I drive to work in the morning, up the M3, and poodle along at between 65 and 70. I get passed by cnuts cutting in and out of lanes, doing 90+ and then when the traffic slows I'm just 1 or 2 cars behind them. And I sit there and wonder what the fucking point was of driving like a cnut to make up 1 cars length! :?

As Gary said, I don't think there's any doubt that you were speeding. You were yapping away to your mate on the phone, Tomtom beeped too late and you got zapped probably a lot further away than you thought, (and long before you saw him).

Would it have made any difference if he was in a luminous pink van and standing there dressed in an elephant costume? So what if you didn't see him. You were speeding and you got caught. Just take the points and fine and slow down or run the risk. Your choice fella.


----------



## fastasflip (May 13, 2003)

Last speeder I had dealings with orginally was offered a fixed penalty of Â£60 and 3 points, went to court and was found guilty 4 points and Â£550 lighter he appealed at crown court who upheld Mags findings, I don't know how much he had to pay for the appeal or his breifs fees


----------



## slineTT (Feb 24, 2006)

A video of your car killing someone, is hardly conclusive evidence that the owner of the car has done it. (unless it shows your face and the rest of you doing it). The police would obviously examine the owner and obviously he will be treated as a suspect but threatening the owner with arrest or INTENDED PROSECUTION in order to confess, is against the law and against any bill of human rights in this part of the world. Of course if they have the obvious evidence they will prosecute him but I dont think the CPS will do that unless they know they have serious chances of winning the case.

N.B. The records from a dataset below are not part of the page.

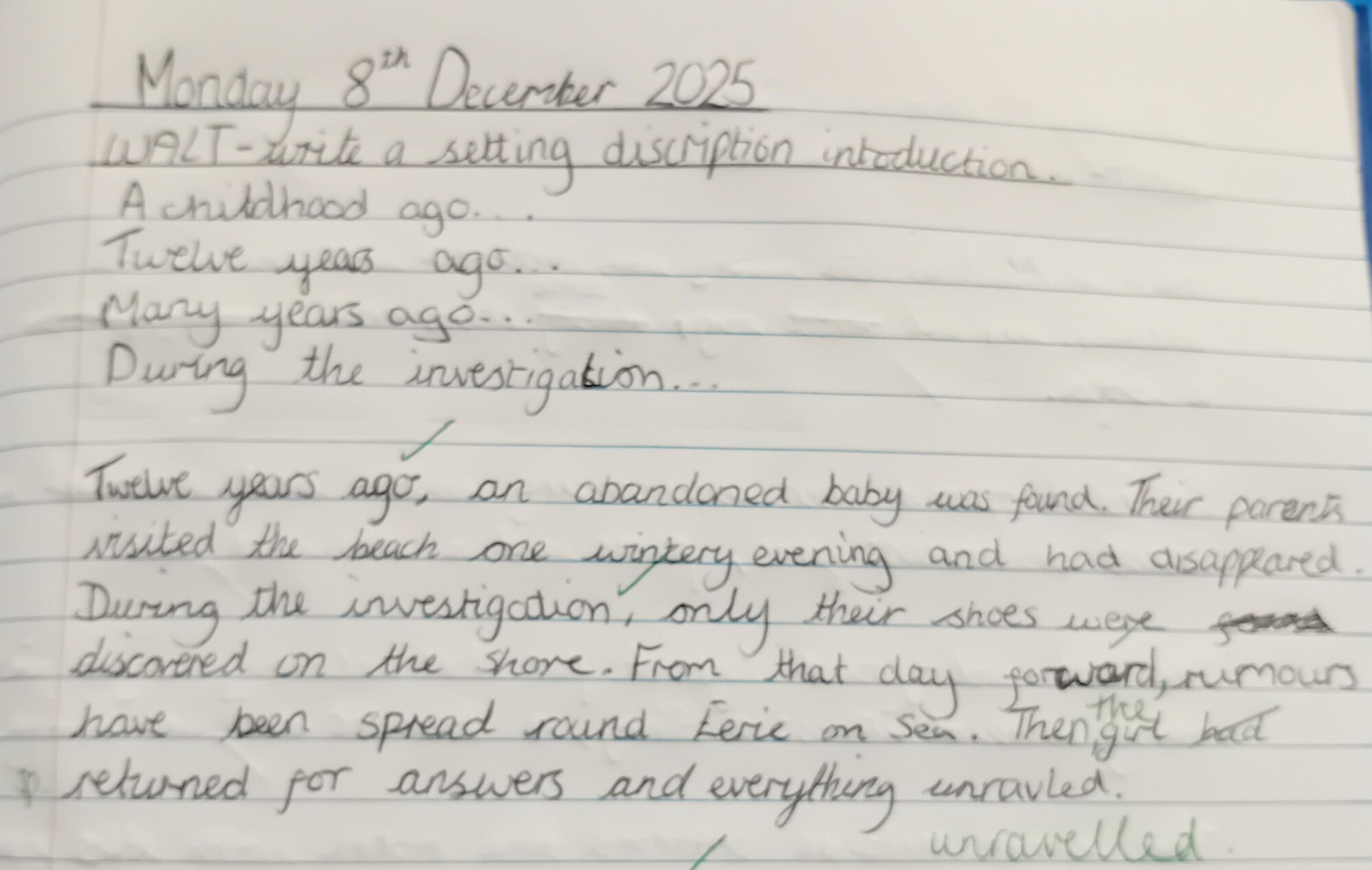In English this week, we have been focusing on setting descriptions. We have started to read an amazing book: Malamander by Thomas Taylor. It has inspired us to start to think about the tools for setting descriptions: colons for a list, participial adjectives (verbs acting like adjectives), time adverbials for the backstory, cohesion within and between paragraphs and using the senses to create a vivid picture for the reader. Next week, we will look at how to end a setting description and plan our own. In Maths, our fraction work has continued. We continued to order and compare fractions but also to add and subtract them. Yesterday, the denominators were different so we had to find the common denominator before adding!
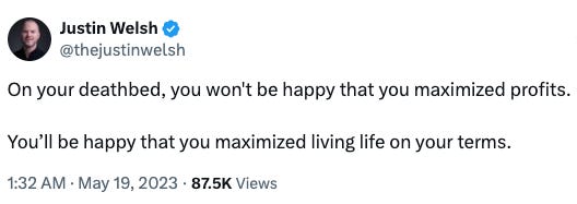 Justin Welsh has a really good take on optimisation for the ‘good life’.
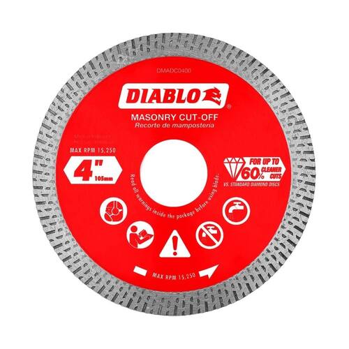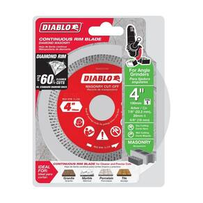 Diablo's diamond continuous rim masonry cut-off discs provide cleaner and precise cuts in granite, marble, porcelain and tile. These diamond rimmed discs deliver up to 60% smoother cuts versus standard diamond cut-off discs. The disc's industrial-grade diamonds with hardened disc body delivers lasting durability and maximizes cutting quality in hardened materials even in extreme applications.
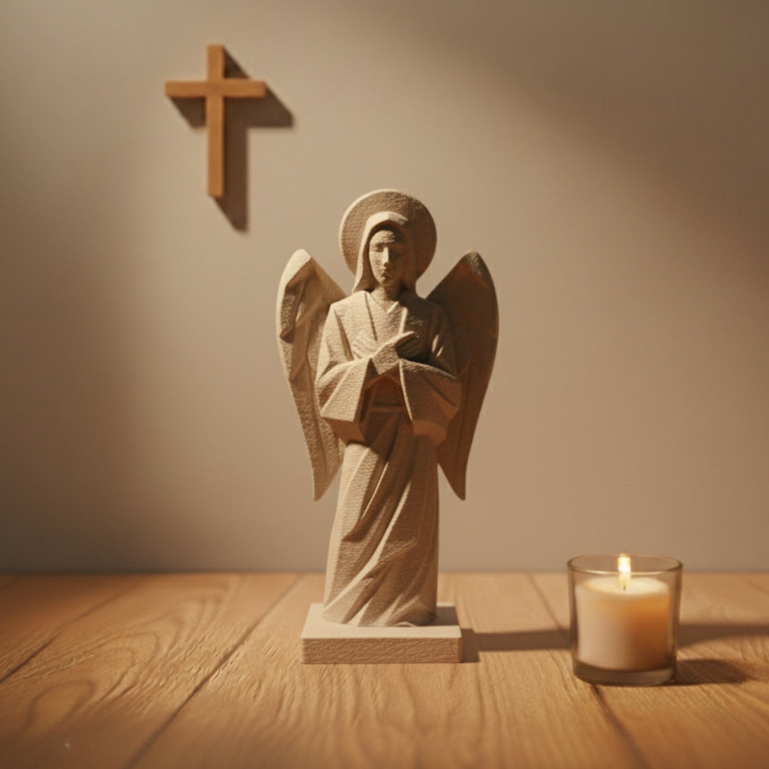 O Anjo Sagrado simboliza a presença divina que acalma, orienta e fortalece o coração. Com postura suave e expressão cheia de paz, ele representa a pureza celestial e a luz que Deus envia para guardar e inspirar seus filhos.

So why does the Police need to threaten you to prosecute you in order to get your confession? If then they think that you are on the wrong they should take you to court straight away. Of course if they did that with 2 million NIPs per year there would not be any other courts in the land besides traffic courts or the whole system would just colapse.

Gary there can only be ONE Judicial system and ONE Justice equal to every crime and every citizen, and in the speeding offences this is not the case.

To prove that you have only to see exactly the opposite side of the whole situation, the cases that were managed by Mr Freeman the loophole lawyer. Celebrities such as Becham, Clarckson and others got away with murder (speeding) cause they can afford a good lawyer who can play the system. I hope Jay can afford him but if not justice will not be on his side but on what the Laser Gun says. It's just a gadget that can go wrong, it s not God re-encarnated.


----------



## J55TTC (Apr 25, 2005)

I dont see what you are going on about, its as simple as this:

Jay admitted openly on a public forum that he was caught speeding.
He has no evidence to say that he wasnt, other than his word.
This is not the first time he has been caught.
The police have video evidence!


----------



## slineTT (Feb 24, 2006)

In this case J55TTC we should all be thankfull that Jay didnt do anything more serious and he will only get a few points and a fine. God forbid what would happen to him if he was accused of murder and couldnt prove that the police is wrong.

JUSTICE DOESNT WORK LIKE THAT.

The police has to prove beyond any doubt that he has done it, he is not guilty if he just cant prove that he hasnt done it.


----------



## fastasflip (May 13, 2003)

> The police has to prove beyond any doubt that he has done it, he is not guilty if he just cant prove that he hasnt done it.


 I think your missing a REASONABLE somewhere


----------



## slineTT (Feb 24, 2006)

I may miss a reasonable as S172 states that Jay has to exercise reasonable dilligence in naming the driver of the offended vehicle, part of the S172 which is in essense abolished by the recent law where the car owner has to say who was driving the car otherwise he is immediately penalised with 6 points.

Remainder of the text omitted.